Aspirations and Better Ways

Apple store in Beijing

Apple store in Beijing

Living a middle class lifestyle, would you just want to give it up?
Living in poverty, wouldn’t you be enticed by the images you see of better lives?

This, of course, is the great problem that a transformation to better ways faces.

Apple store in Beijing
Apple store in Beijing

The one, still smaller, part of the world’s population belonging to the middle class and above lives in rather comfortable conditions and doesn’t want (that to) change; the majority of the world’s people, who live in worse circumstances, aspire to lives that are so easy.

Now, we may know that things aren’t quite all that easy. You can live in the supposed land of opportunity, be employed, but hardly be able to get by; you can live in the middle of the high levels of development and the social safety nets of many a European  country, but know even less what you should do to make things better. You can even be rich enough to not have to worry about money… and yet worry, because others still have more, others who have less may want to take what you have, and so on.

No matter what the difficulties, though, the very images alone are powerful.

As we have just seen, the story of lack drives a lot of our inertia and often prevents even those who want a better world from realizing that there are better stories and better ways, in the ‘cultivation of better.’

Comfort makes for great inertia, even – and especially! – when you have to fear that the future will be worse.
The conclusion: better enjoy what you have now and resist the unknown.
Hope for a better life (plus the necessity to struggle to get by and the example of others who “have made it”) makes for great motivation (see China). So, do something, anything, to get by and make it.

Here lies the great conundrum of our time:

Sanlitun Village & Real Estate Ad
Shopping ‘village,’ busy streets, high-rises – and real estate ads promising villas in the green…

We are starting to realize that we cannot just go on, considering, for example, what we are learning from ecological footprint analyses. According to those looks at our use of resources and ecological capacities, expressed in the form of area, we’d need more than the one planet we have even if every single person alive now lived like the average contemporary Chinese – which is far from the way of life we’d want.

We see that the whole world cannot industrialize and live consumer lifestyles, meaning that both industrialized and industrializing countries would need to take a turn towards the truly ecological if we are to achieve any kind of equity, peace, and livable futures. Increasingly, we even notice both the relative comfort and the rising unhappiness that “modern” lifestyles have led to, the declining quality of life and increasing precariousness that capitalism has lately led to.

What is it, then?  Welcome to the misery we will all share in?

We decide we want for us and humanity to survive, we need to scale back into the pre-modern? Or, we refuse to change and get thrown into a (similarly) bleak future because the climate shifts, ecosystems collapse, and the resources necessary for civilization – not just rare earths and minerals, but even water and fertile soil – become objects of violent conflict?

(And no, a “greening” of the economy – such as in efficiency gains of appliances, hybrid/electric cars and the like is, given the same look at ecological footprints, not going to cut it. It still requires fossil fuel to produce, still sees consumption rise, so any hope for such an “outside” solution alone – without change in our desires and doings – won’t save us.)

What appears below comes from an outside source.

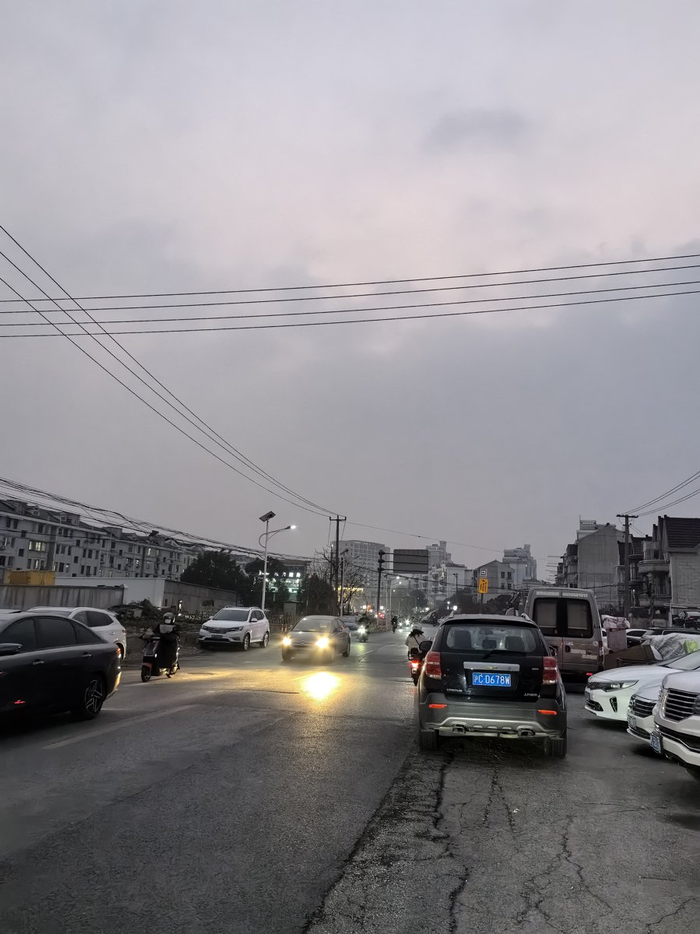 路面布满龟裂纹,频繁的修补留下了大量高低起伏的黑色补丁。

What we usually get is a game of “yes, but…”:
Yes, we need a shift – but let the others go first.
Yes, things can’t go on forever – but they’ll change when situations change.
Yes, maybe growth won’t make everyone happy – but it’s what we know and what’s worked alright so far.

From there, everything revolves around the arguments for and against, everyone just tries to convince the others – but nothing much happens. No wonder, though, when aspirations for better aren’t taken quite seriously.

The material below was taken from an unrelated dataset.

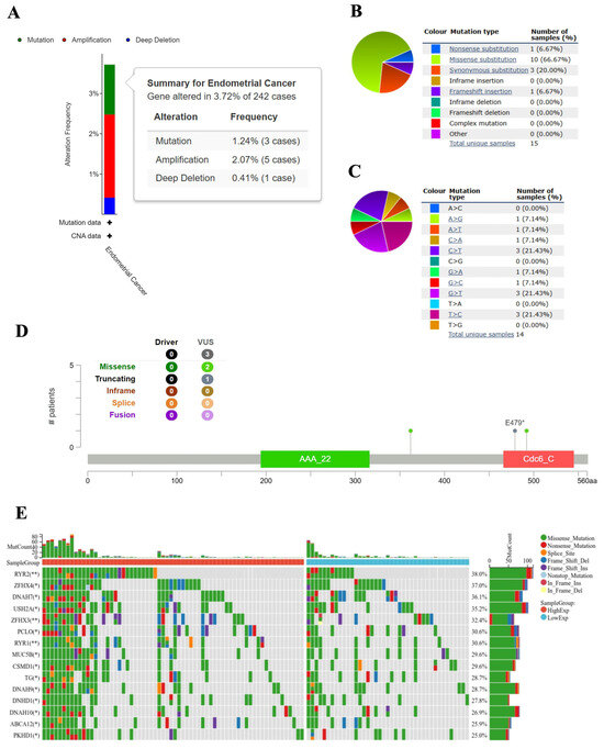 The cBioPortal database revealed that 3.72% (9/242) of the patients with UCEC had variations in CDC6: mutations in 1.24%, amplifications in 2.07%, and deep deletions in 0.41% (Figure 9A). Therefore, the COSMIC database was used to further evaluate the mutation types. Missense substitutions, nonsense substitutions, synonymous substitutions, and frameshift insertions occurred in 66.67%, 6.67%, 20%, and 6.67% of the UCEC samples, respectively. Furthermore, the base substitutions were mainly A>G (7.14%), A>T (7.14%), C>A (7.14%), C>T (21.43%), G>A (7.14%), G>C (7.14%), G>T (21.43%), and T>C (21.43%) (Figure 9B,C). The types, sites, number of CDC6 cases, and the genetic alterations are shown in Figure 9D. A missense mutation in CDC6 was the main type of genetic alteration. We further found an E479* alteration in the CDC6_C domain, which was detected in one case of CDC6. Finally, CDC6 truncation was observed (Figure 9D).

It’s not the ecology of happiness we typically hear about, let alone get to see convincing visions of, it is but survival. And to get even just there, everyone’s supposed to switch to just getting by, be happy in shared misery, give up any hope for better lives. Or so it seems, compared to the dream of the easy good life of the consumerist world.

Old School Poster of Farm Work...
Also not all-good. But perhaps a better aspiration?

The big question, then, is this: Are there other ways of living – and of making a living – that are not just for survival, not just for making it through future hard times when and if they should appear, but better than a possible muddling through a potentially tough future, better even than the lifestyles that we currently have and aspire to?

We are highly critical of any such alternatives that often require lots of energy and hard work, if not, seemingly, conviction of an almost religious fervor. Strange people, them who go back to the land, re-inhabit and change abandoned villages, work to make a living directly off the land.

Then again, we are increasingly seeing how living  with more concern for doing good, not just as a green veneer but as richer living, is better than constant attempts at making a killing and being well-off thanks to loads of money and lots of stuff…

The better ways of living are clearly not just wondered about, but also wandered on, explored, experimented with, and there as examples…and this is a wake-up call not to keep circling around critiques and slightly “green” consumerism, but to present these positives and the practical, radical, ways to get there, to better, in our aspirations and our actions.